Friday, October 22, 2021

Deep Red – Arrow Video (4k UHD)

Theatrical Release Date: Italy, 1975
Director: Dario Argento
Writers: Dario Argento, Bernardino Zapponi
Cast: David Hemmings, Daria Nicolodi, Gabriele Lavia, Macha Méril, Eros Pagni, Giuliana Calandra, Piero Mazzinghi, Glauco Mauri, Clara Calamai, Aldo Bonamano, Liana Del Balzo, Nicoletta Elmi

Release Date: October 25, 2021 (UK), October 26th, 2021 (USA)
Approximate running times: 126 Minutes 38 Seconds (Director’s Cut), 104 Minutes 53 Seconds (International Theatrical Cut)
Aspect Ratio: 2.35:1 Widescreen / 2160 Progressive / HEVC / H.265 / Dolby Vision HDR10 (Director’s Cut, International Theatrical Cut)
Rating: 18 (UK), NR (USA)
Sound: DTS-HD 5.1 Italian, DTS-HD Mono Italian, DTS-HD Mono English/Italian Hybrid (Director’s Cut), LPCM Mono English (International Theatrical Cut)
Subtitles: English, English SDH (Director’s Cut), English SDH (International Theatrical Cut)
Region Coding: Region Free
Retail Price: £39.99 (UK), $59.95 (USA)

"One night, musician Marcus Daly (David Hemmings, Blow Up), looking up from the street below, witnesses the brutal axe murder of a woman in her apartment. Racing to the scene, Marcus just manages to miss the perpetrator... or does he? As he takes on the role of amateur sleuth, Marcus finds himself ensnared in a bizarre web of murder and mystery where nothing is what it seems..." - synopsis provided by the distributor

Video: 5/5 (Director’s Cut, International Theatrical Cut)
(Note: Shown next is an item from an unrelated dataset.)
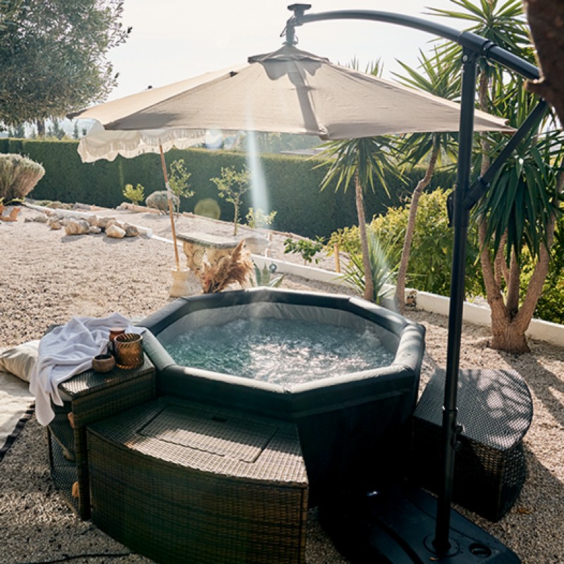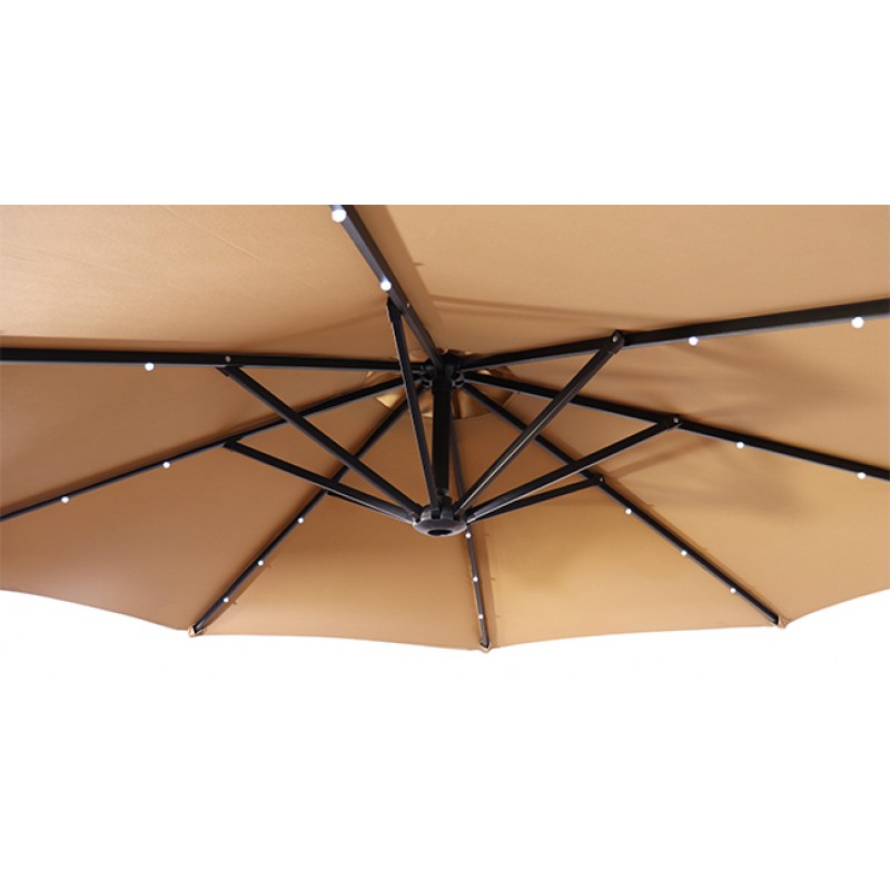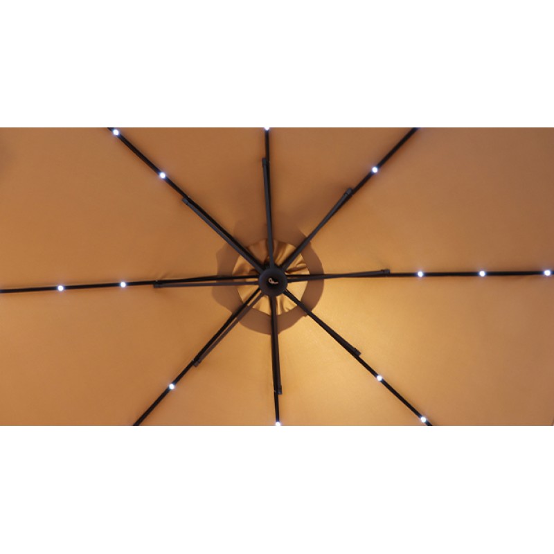 Clasica și eleganta umbrelă NetSpa vă va proteja de razele soarelui în timpul zilei și va crea o atmosferă vibrantă noaptea datorită luminilor LED integrate inteligent, alimentate de un panou solar.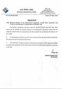शिक्षक आमदारकीची निवडणूक १० जूनला जाहीर झाल्यामुळे लोकसभेची निवडणूक ड्यूटी आटोपून सुट्टीवर जाणाऱ्या शिक्षकांच्या आनंदावर विरजण पडलं होतं. अखेर आनंदाची बातमी आली आहे. निवडणूक आयोगाने जाहीर कार्यक्रम तूर्त मागे घेतला आहे. शिक्षक भारतीचे कार्याध्यक्ष सुभाष किसन मोरे यांनी आमदार कपिल पाटील यांच्या सोबत दिल्लीत जाऊन भारत निर्वाचन आयोगाकडे मागणी केली होती तर हायकोर्टात याचिकाही केली होती. भारत निर्वाचन आयोगाने याबाबतची प्रेस नोट जारी केली आहे.

Here’s the information provided about the transfer, "New 4K restoration of both the original 127-minute Italian version and the 105-minute export version from the original negative by Arrow Films."

Deep Red director's cut comes on a 100 GB triple layer 4K UHD.

Disc Size: 89.3 GB

Feature: 78.5 GB

Deep Red International theatrical cut comes on a 100 GB triple layer 4K UHD.

Disc Size: 86.2 GB

Feature: 77 GB

The sources used for both versions are comparable. Both versions look excellent. Colors are nicely saturated, contrast, shadow detail, and black levels look solid. There are no issues with compression, and grain remains intact. This is another exemplary 4K UHD upgrade from Arrow Video. 

Audio: 5/5

The director’s cut comes with three audio options, a DTS-HD 5.1 mix in Italian, a DTS-HD mono mix in Italian and a DTS-HD mono hybrid mix in English and Italian. Included with this version are removable English subtitles for Italian dialog and there’s also removable English SDH for the English/Italian hybrid track.

The international theatrical cut comes with one audio option, a LPCM mono mix in English, and included with this version are removable English SDH subtitles.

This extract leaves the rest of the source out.